You feel this when an AI assistant "fixes" a bug by removing an edge case that turns out to have been intentional. You feel it when an agent ships a feature that technically passes review but contradicts a soft rule three people in the room would have caught. You feel it most when a new hire — human or agent — restarts the same investigation a previous teammate already finished, because nothing durable captured the answer.

Workflow gets faster. Without a behavior layer, *wrongness* gets faster too.

---

## What this means for AI-native teams

You don't need every layer perfect. You need each layer **present**.
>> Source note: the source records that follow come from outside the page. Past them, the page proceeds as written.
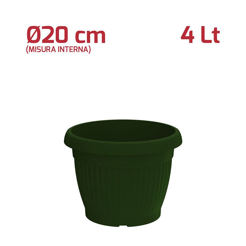 Vaso tondo Gaia in PP verde. Vaso dal design moderno utilizzabile sia all'esterno che all'interno grazie ai materiali di alta qualità e si adatta bene a qualsiasi stile. Sul fondo sono presenti i fori per lo scolo dell'acqua in eccesso. A parte è possibile acquistare il sottovaso.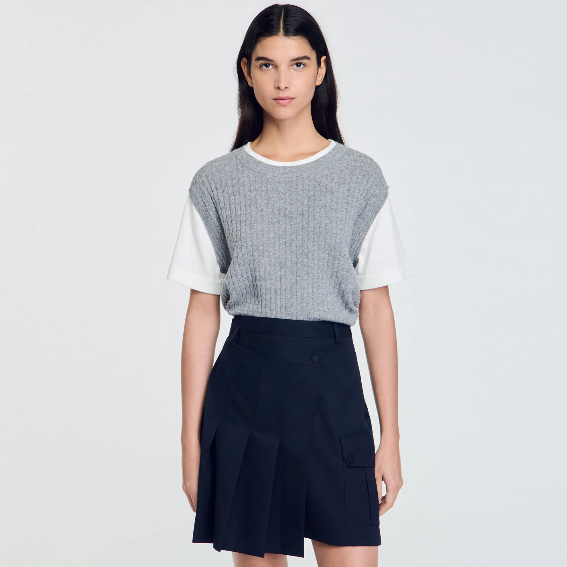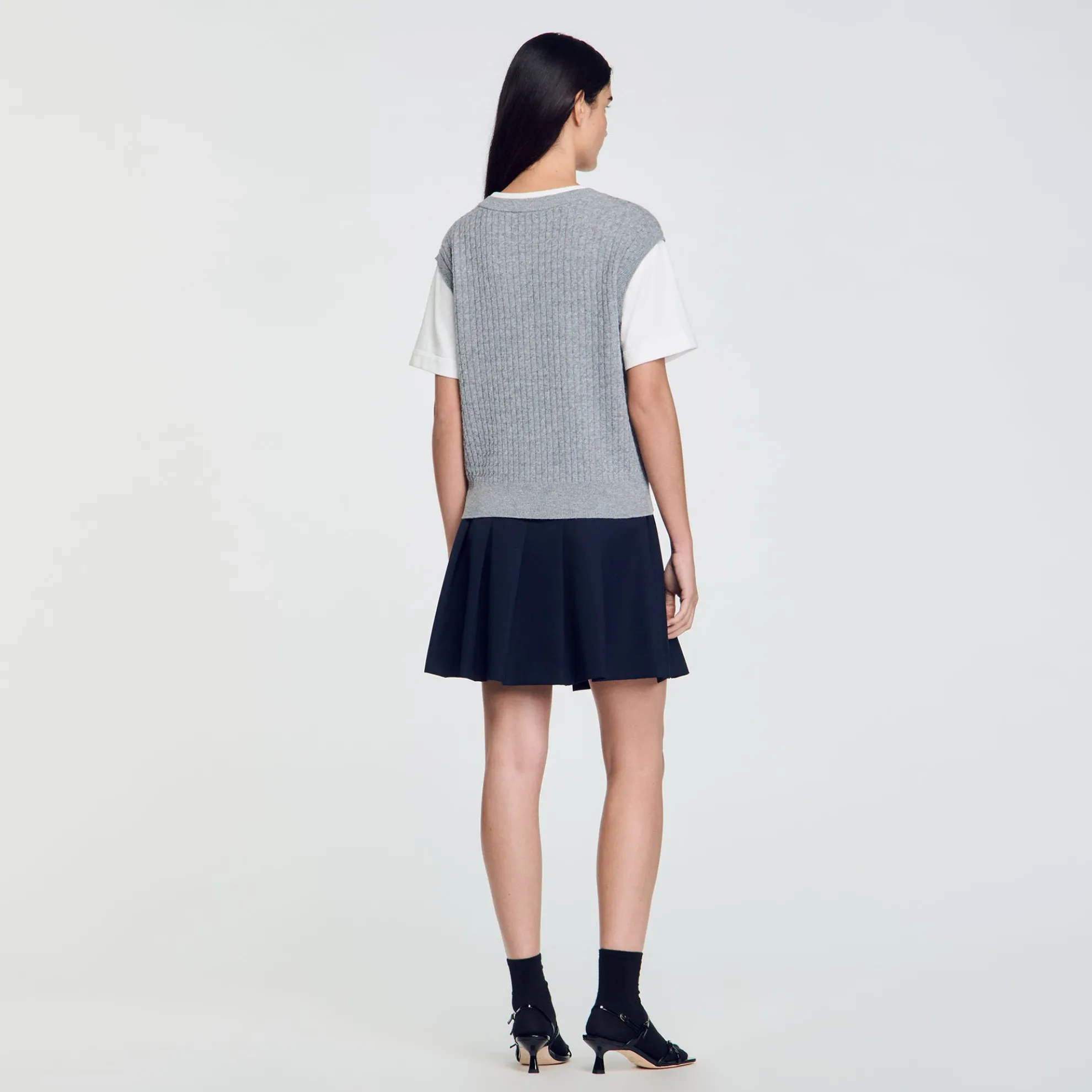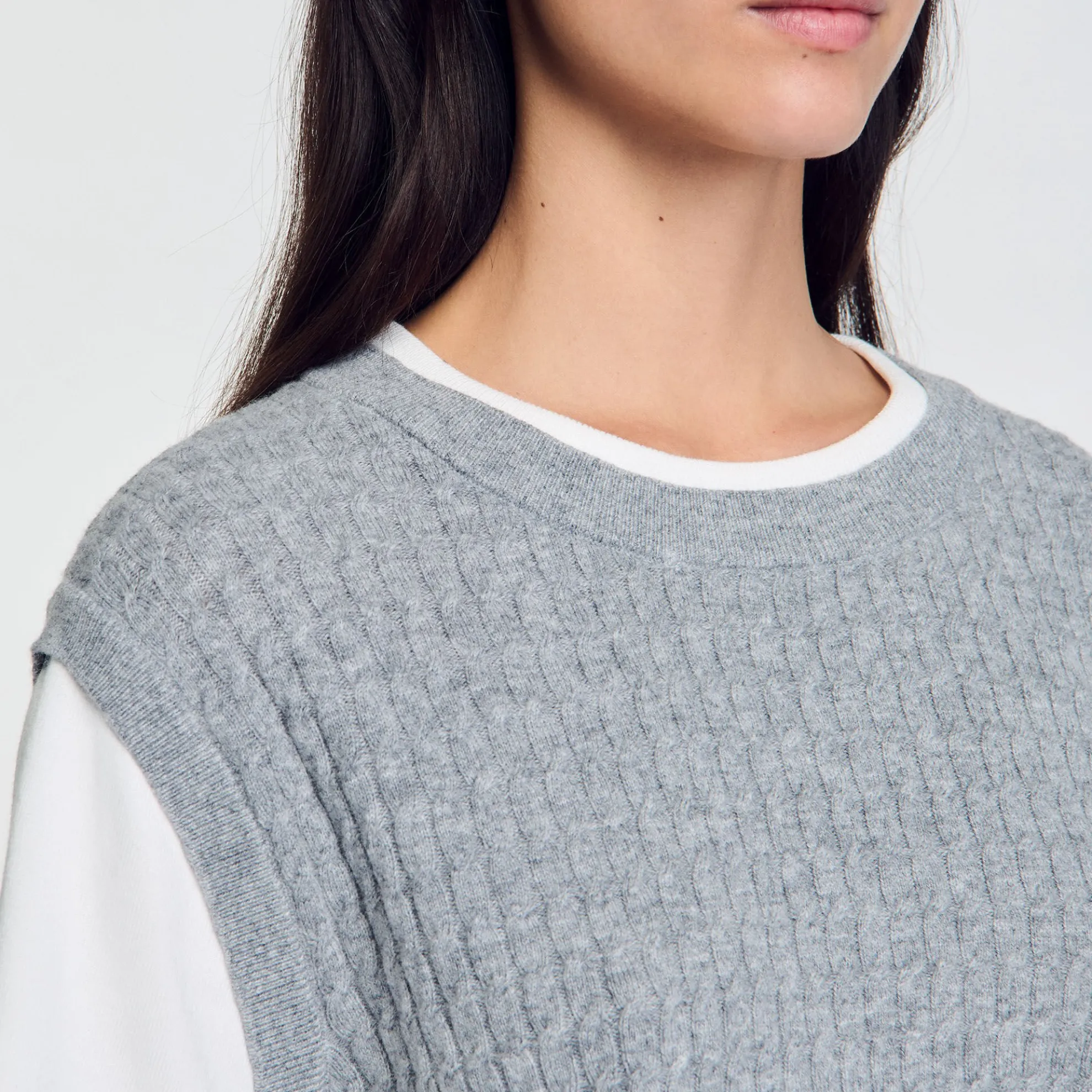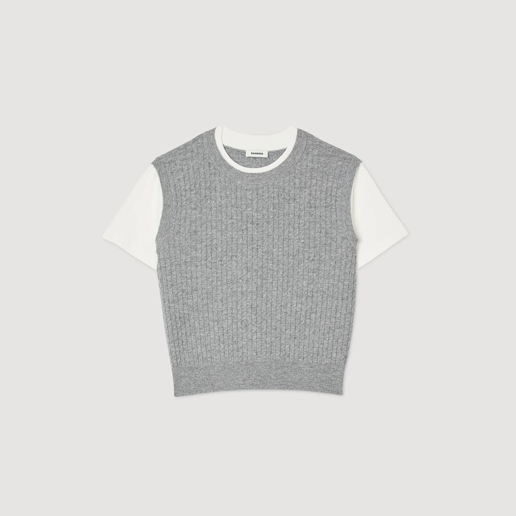Trui trompe l’oeil van ribgebreide wol en kasjmier met een ronde hals en korte contrasterende mouwen.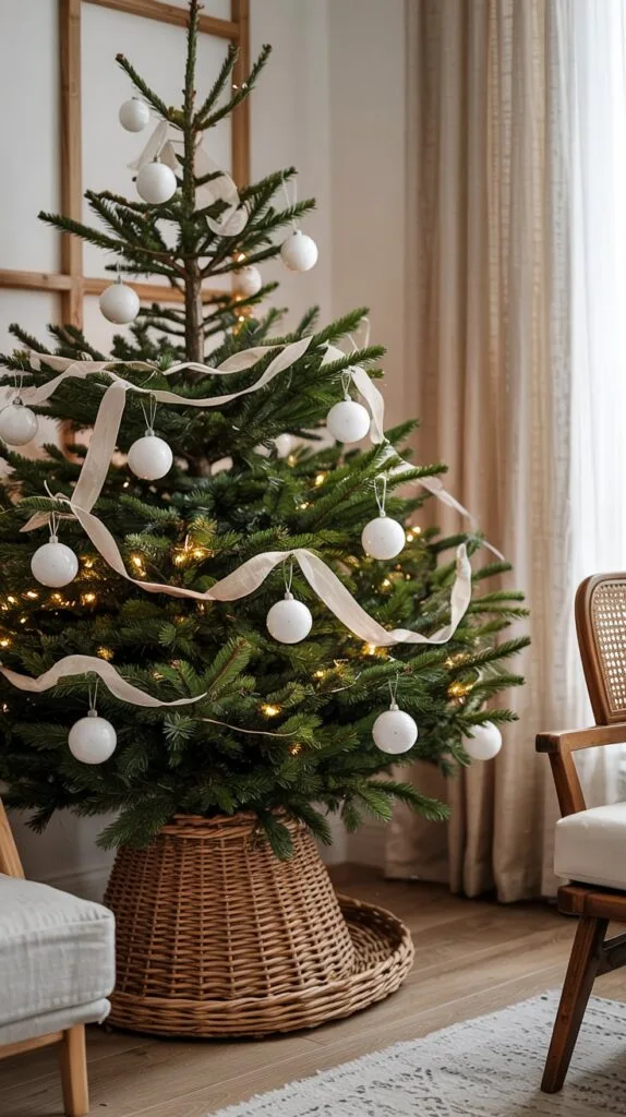 Go back to basics with a natural pine tree, simple white baubles, and a woven rattan skirt.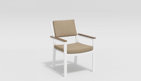 Обеденная группа Gardenini Bella 1426078147 - ОписаниеОбеденная группа Bella состоит из стола и 6 стульев. Подлокотники стульев и столешница из тика, съемный чехол подушки сидения на "молнии". Материалы и цвета: каркас мебели выполнен из всесезонного алюминия с порошковым покрытием белого цвета, подлокотники стульев декорированы вставками из тика, подушки сидений и спинки обшиты уличной тканью бежевого цвета (А 13809) с водоотталкивающей пропиткой, толщина подушек 5 см, чехол съемный на "молнии", столешница обеденного стола изготовлена из тика.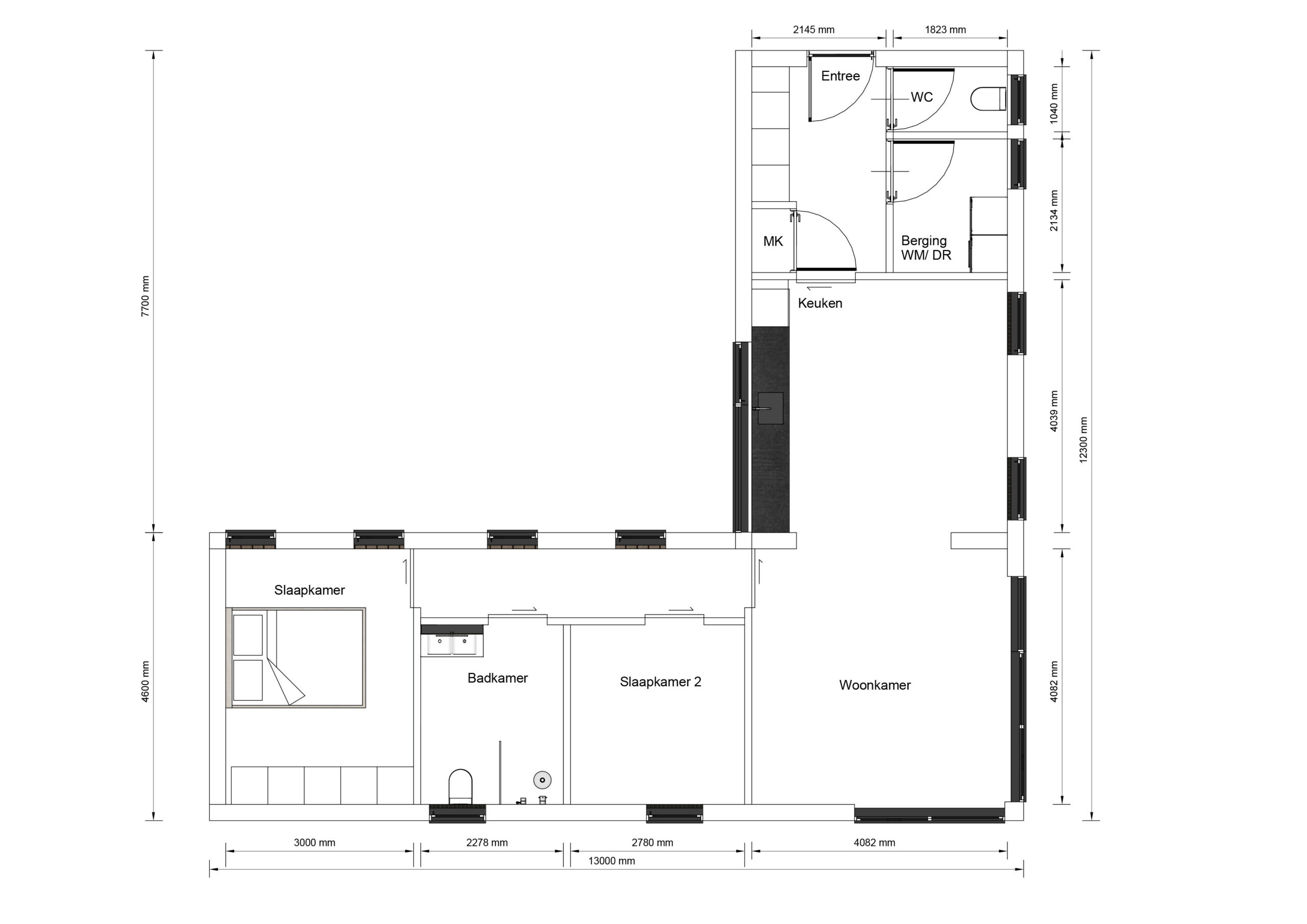 95m2 woonoppervlakte      2 slaapkamer(s)

Most teams I talk to have:

- **Execution layer:** partial. Telemetry exists. Eval is sometimes wired up. Drift detection is rare.
- **Decisions layer:** partial. Some teams have ADRs. Most don't. Slack is the substrate by default.
- **Behavior layer:** usually empty. There's no artifact that says *what the product must do, in a form an agent can read and a human can argue with.*

The cheapest move in 2026 is to claim the layer the labs aren't going to build for you. The behavior layer is small enough that one person can start it in an afternoon. It's also load-bearing: a behavior contract gives the decisions layer something to anchor against, and gives the execution layer a target to verify.

When a team has an external oracle, the substrate can carry authority. When it doesn't, the behavior contract becomes the closest durable artifact: a reviewed, versioned spec of what the system must continue to do.

You don't have to use any specific tool to do this. You can write a markdown file in your repo today.

But I'd argue you should write *something*. The labs are shipping faster than anyone's product intent can keep up. The team that has a durable, navigable behavior layer is the team whose AI agents stay honest.

---

## Where Stewie fits

[Stewie](https://www.stewie.sh) is a product intelligence workspace built around the behavior layer. The format — `.pbc.md` — is open and lives at [pbc.stewie.sh](https://pbc.stewie.sh). The harder problem we're working on is the part that doesn't fit in a markdown file: keeping a behavior contract aligned as code evolves, as teams rotate, as agents touch parts of the product humans haven't looked at in months.

If you're a CTO, eng lead, or product-minded engineer trying to keep AI assistance honest while you ship faster, that's the missing layer. We're in early beta with design partners.

---

Three layers. Three altitudes. Different builders, different artifacts, same meta-problem: **preserving intent, reasoning, and correctness in AI-accelerated engineering.**

Which of the three is your team weakest at right now?

I'd guess behavior, but I want to be wrong.